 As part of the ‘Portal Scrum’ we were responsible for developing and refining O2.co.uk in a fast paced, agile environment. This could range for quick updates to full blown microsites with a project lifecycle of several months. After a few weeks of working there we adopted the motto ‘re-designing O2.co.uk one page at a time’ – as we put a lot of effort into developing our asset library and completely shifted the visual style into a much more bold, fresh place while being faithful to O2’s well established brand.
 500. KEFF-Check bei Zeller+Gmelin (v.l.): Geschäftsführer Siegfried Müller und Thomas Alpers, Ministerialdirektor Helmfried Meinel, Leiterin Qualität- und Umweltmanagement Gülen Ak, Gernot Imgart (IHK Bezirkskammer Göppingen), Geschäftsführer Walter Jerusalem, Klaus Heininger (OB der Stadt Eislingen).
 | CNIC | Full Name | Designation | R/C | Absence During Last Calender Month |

...

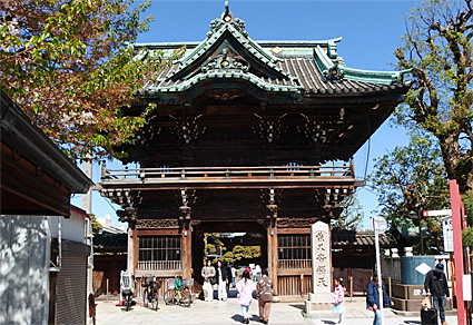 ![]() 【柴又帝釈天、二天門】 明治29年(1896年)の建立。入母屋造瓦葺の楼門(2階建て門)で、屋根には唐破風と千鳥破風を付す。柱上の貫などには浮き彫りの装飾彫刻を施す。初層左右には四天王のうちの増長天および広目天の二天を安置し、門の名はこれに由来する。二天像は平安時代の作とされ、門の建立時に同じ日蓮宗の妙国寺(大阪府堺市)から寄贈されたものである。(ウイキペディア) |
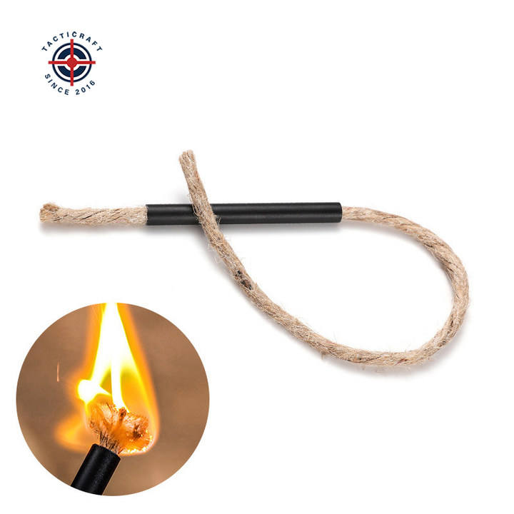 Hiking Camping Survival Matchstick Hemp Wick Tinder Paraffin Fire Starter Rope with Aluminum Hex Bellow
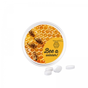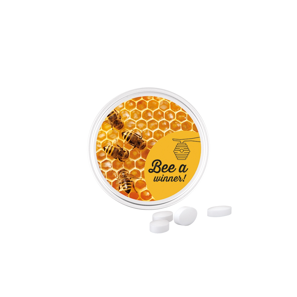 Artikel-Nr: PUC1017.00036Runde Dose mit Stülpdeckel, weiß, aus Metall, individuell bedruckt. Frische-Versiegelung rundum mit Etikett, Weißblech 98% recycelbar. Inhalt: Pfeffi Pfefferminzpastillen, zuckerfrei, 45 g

---

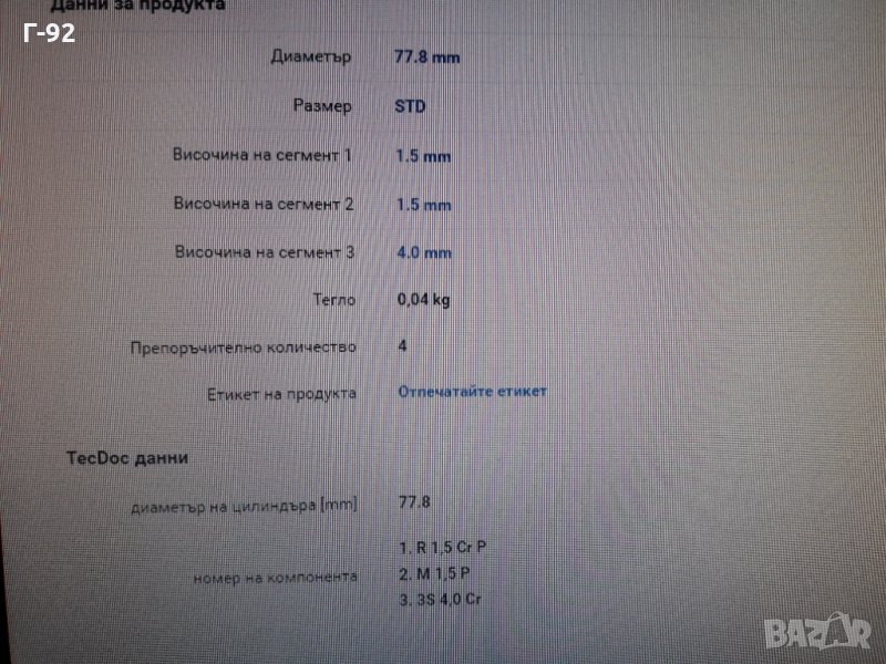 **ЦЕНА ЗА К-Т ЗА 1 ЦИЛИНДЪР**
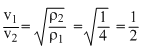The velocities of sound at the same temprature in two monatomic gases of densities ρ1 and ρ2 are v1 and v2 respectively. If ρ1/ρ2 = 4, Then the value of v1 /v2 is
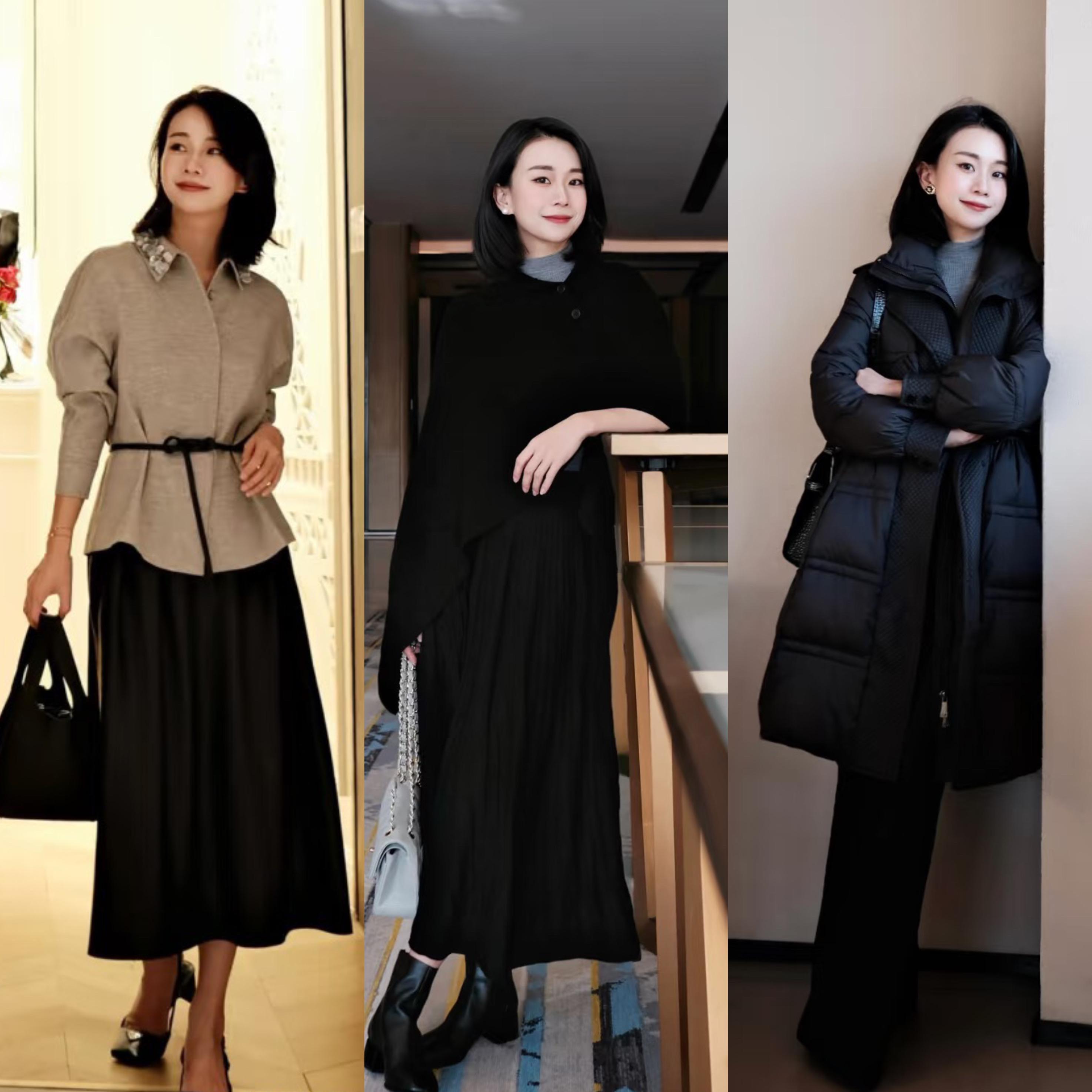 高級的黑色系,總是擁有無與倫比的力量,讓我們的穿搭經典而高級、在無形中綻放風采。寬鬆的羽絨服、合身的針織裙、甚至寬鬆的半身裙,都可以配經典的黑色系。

TASK DETAILS
In the records above, the line with "500. KEFF-Check bei" marks the start and the line with "Calender Month |" marks the end; copy that stretch exactly, both lines included, and nothing else.

YOUR RESPONSE
 500. KEFF-Check bei Zeller+Gmelin (v.l.): Geschäftsführer Siegfried Müller und Thomas Alpers, Ministerialdirektor Helmfried Meinel, Leiterin Qualität- und Umweltmanagement Gülen Ak, Gernot Imgart (IHK Bezirkskammer Göppingen), Geschäftsführer Walter Jerusalem, Klaus Heininger (OB der Stadt Eislingen).
 | CNIC | Full Name | Designation | R/C | Absence During Last Calender Month |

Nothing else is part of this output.